Define a Spark UDF using a DuckDB Spatial function

%md lamanche

Databricks SQL now contains lots of ST Functions. However, at some point you might just need a geospatial function not (yet) available natively in Databricks, but maybe available in DuckDB Spatial. For example, as of Aug 2025, the st_shortestline function.

Then we can register the DuckDB function as a Spark UDF as follows:

Setup

%pip install duckdb lonboard shapely --quiet

import duckdb
import pandas as pd
from pyspark.sql import functions as F
from pyspark.sql.types import BinaryType

Define the Spark UDF based on a DuckDB Spatial function

def shortestline_func(a: pd.Series, b: pd.Series) -> pd.Series:
    try:
        import duckdb
        from duckdb import ColumnExpression, FunctionExpression
    except ModuleNotFoundError as mfe:
        raise Exception(
            "'duckdb' not installed: run '%pip install duckdb' first."
        ) from mfe

    duckdb.sql("SET extension_directory = '/tmp/duckdb_ext'")
    try:
        duckdb.load_extension("spatial")
    except duckdb.duckdb.IOException:
        duckdb.install_extension("spatial")
        duckdb.load_extension("spatial")

    df = pd.DataFrame({"a": a, "b": b})  # noqa: F841

    res = (
        duckdb.df(df)
        .select(
            FunctionExpression(
                "st_aswkb",
                FunctionExpression(
                    "st_shortestline",
                    FunctionExpression("st_geomfromwkb", ColumnExpression("a")),
                    FunctionExpression("st_geomfromwkb", ColumnExpression("b")),
                ),
            ).alias("res")
        )
        .df()["res"]
    )

    return res


st_duckdb_shortestline = F.pandas_udf(shortestline_func, returnType=BinaryType())
spark.udf.register("st_duckdb_shortestline", st_duckdb_shortestline)

Usage example

Tip

This example uses the CARTO/Overture Maps datasets that you can add to your workspace via the Marketplace.

Caution

The CARTO/Overture Maps tables are stored in us-west-2 as of writing, so if you are not using Databricks Free Edition and you are in any other region, you will have to pay egress charges based on the amount of data you read.

%sql
create or replace temporary view lamanche as
with england as (
  select
    geometry
  from
    carto_overture_maps_divisions.carto.division_area
  where
    subtype = 'country'
    and country = 'GB'
    and class = 'land'
),
france as (
  select
    geometry
  from
    carto_overture_maps_divisions.carto.division_area
  where
    subtype = 'country'
    and country = 'FR'
    and class = 'land'
)
select
  st_duckdb_shortestline(england.geometry, france.geometry) geometry
from
  england,
  france
Note

Nit: To correctly calculate shortestline in the Eucledian sense, we should actually transform lon/lat to an SRID that maintains the angles, such as EPSG:3857. (Then, if we were interested in the length of it in meters, we could transform back to lon/lat and use st_distancespheroid.)
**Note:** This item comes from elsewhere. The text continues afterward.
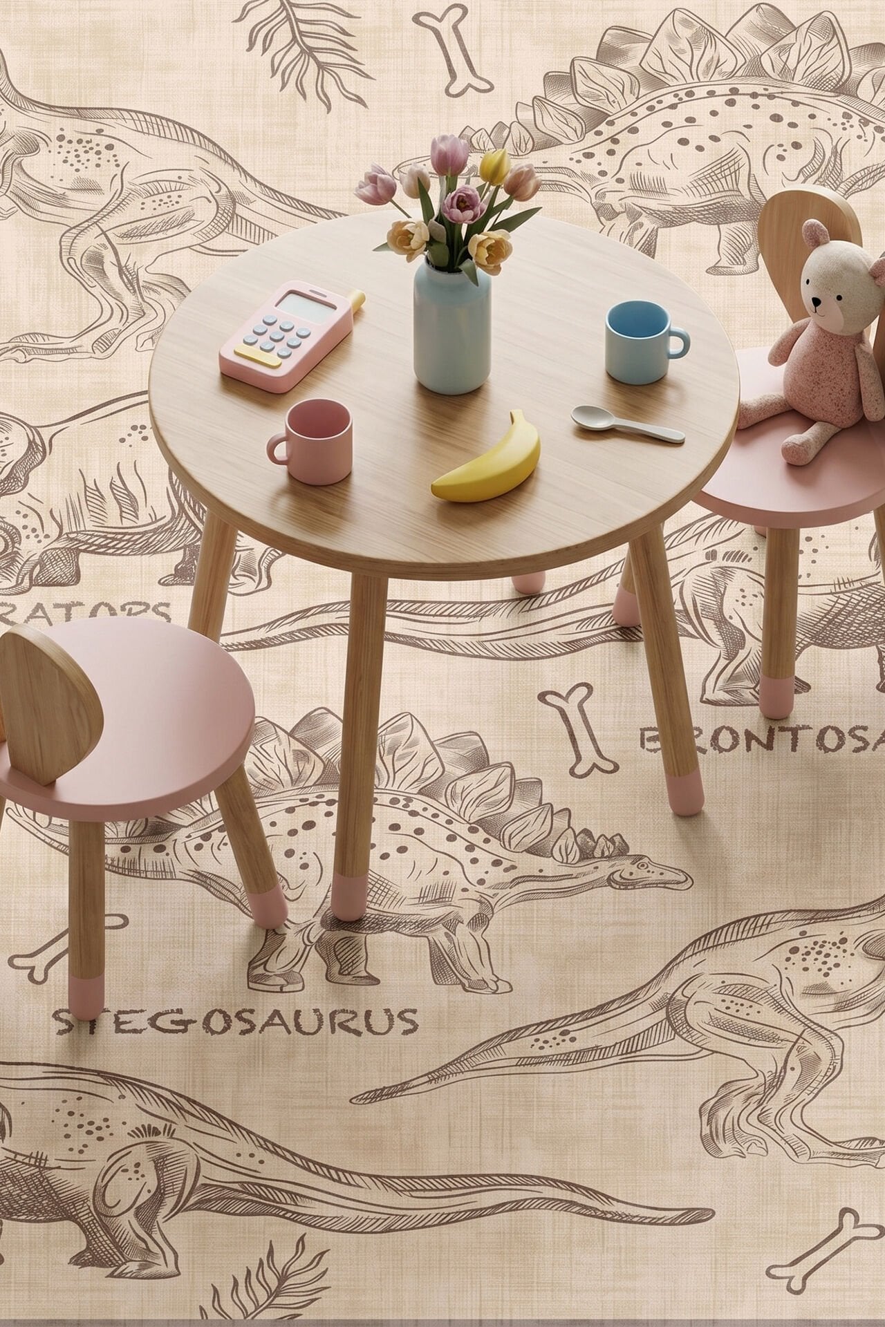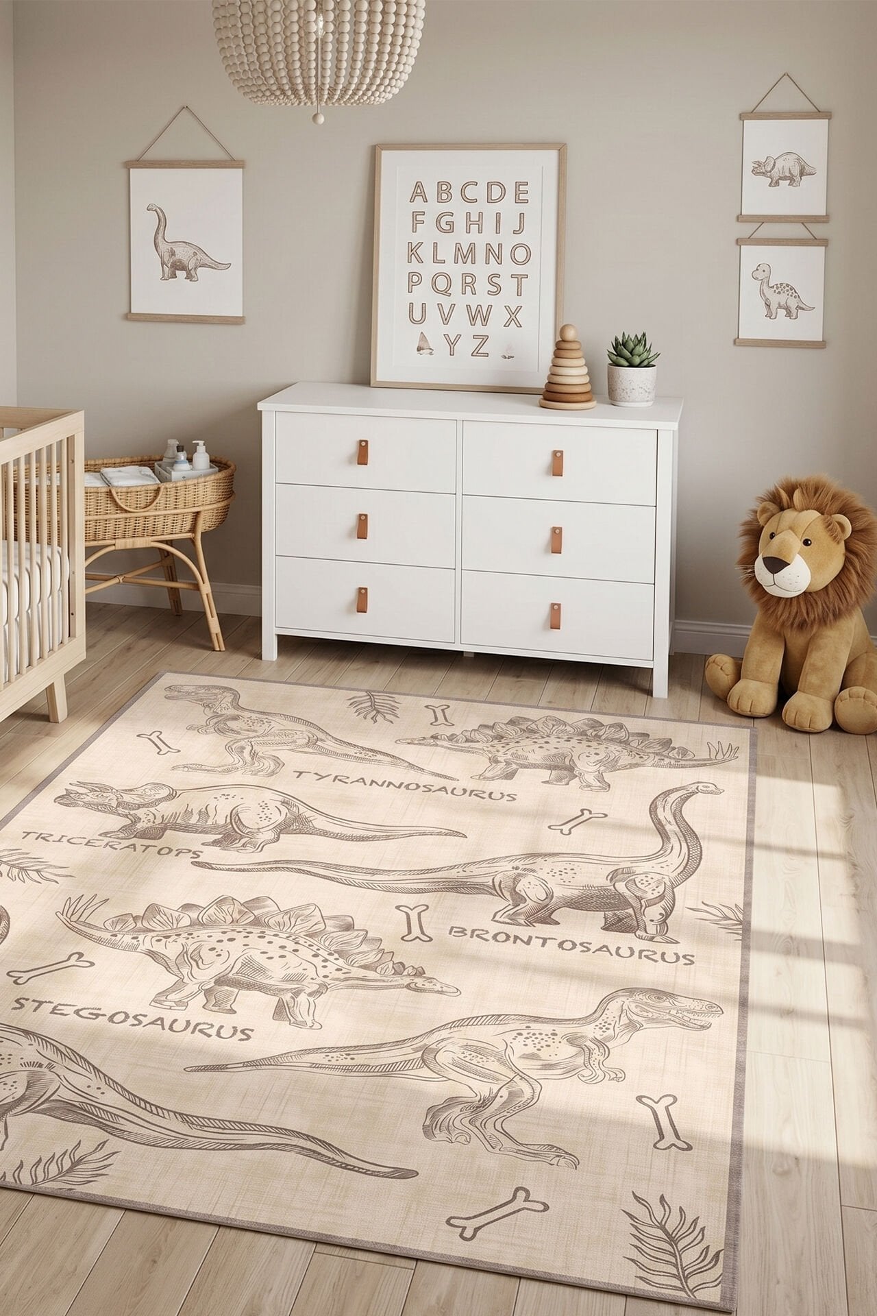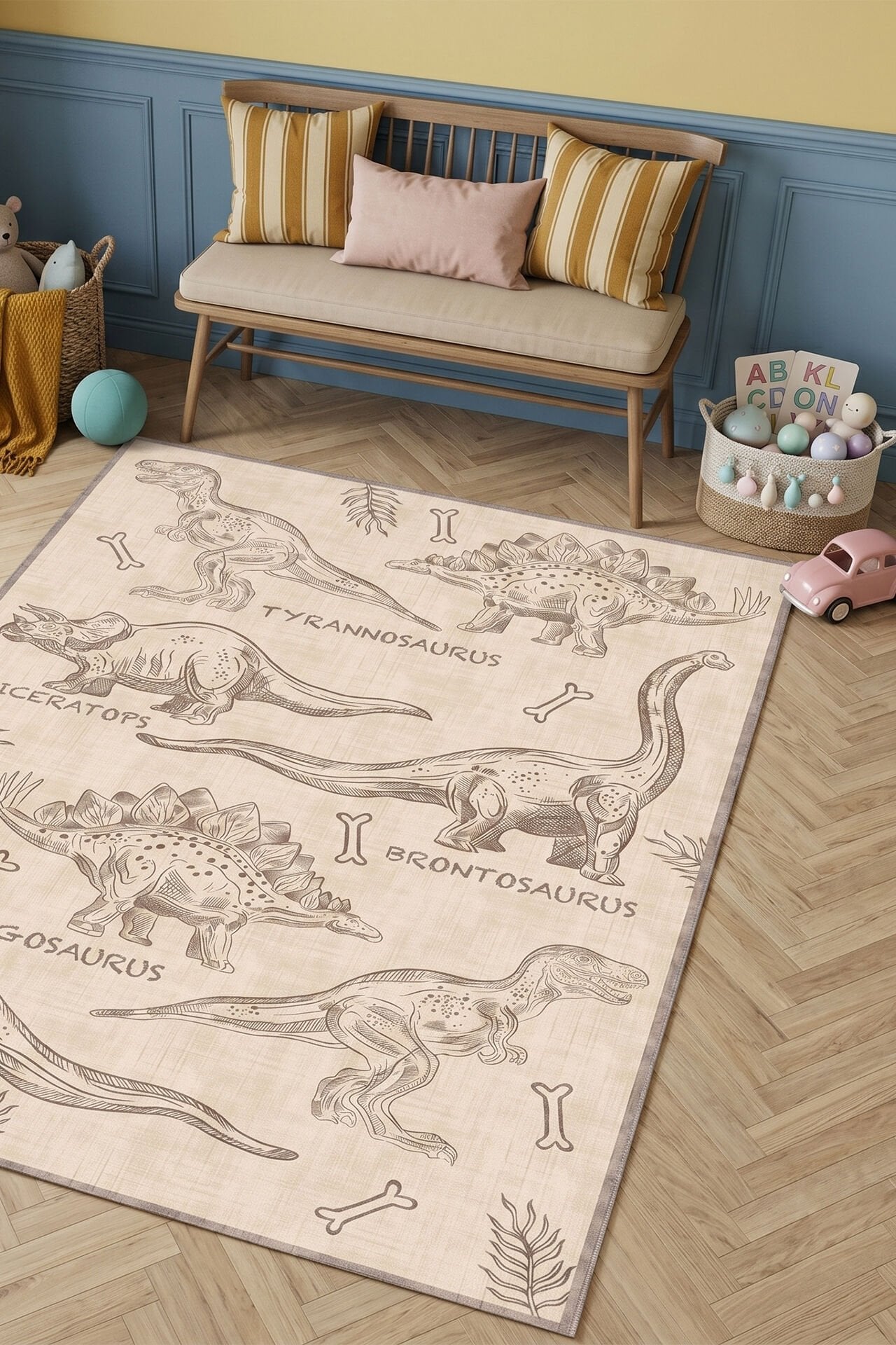 Daxon Dinozor Yıkanabilir Bambu Çocuk Odası Halısı - Bej

To keep this example simple, we’ll now calculate the shortest line in the lat/lon coordinate system – we will get a quite similar result in this example of Calais-Dover.

Visualizing the result

Let’s visualize the result with Lonboard:

def spark_viz(df, wkb_col="geometry", other_cols=None, limit=10_000, output_html=None):
    # needs `%pip install duckdb lonboard shapely`

    if other_cols is None:
        other_cols = []

    from lonboard import viz

    try:
        duckdb.load_extension("spatial")
    except duckdb.duckdb.IOException:
        duckdb.install_extension("spatial")
        duckdb.load_extension("spatial")

    dfa = df.select([wkb_col] + other_cols).limit(limit).toArrow()
    if dfa.num_rows == limit:
        print(f"Data truncated to limit {limit}")

    query = duckdb.sql(
        f"""select * replace (st_geomfromwkb({wkb_col}) as {wkb_col})
        from dfa
        where {wkb_col} is not null"""
    )
    if output_html is None:
        return viz(query).as_html()
    else:
        viz(query).to_html(output_html)
        return output_html
spark_viz(spark.table("lamanche"))

lamanche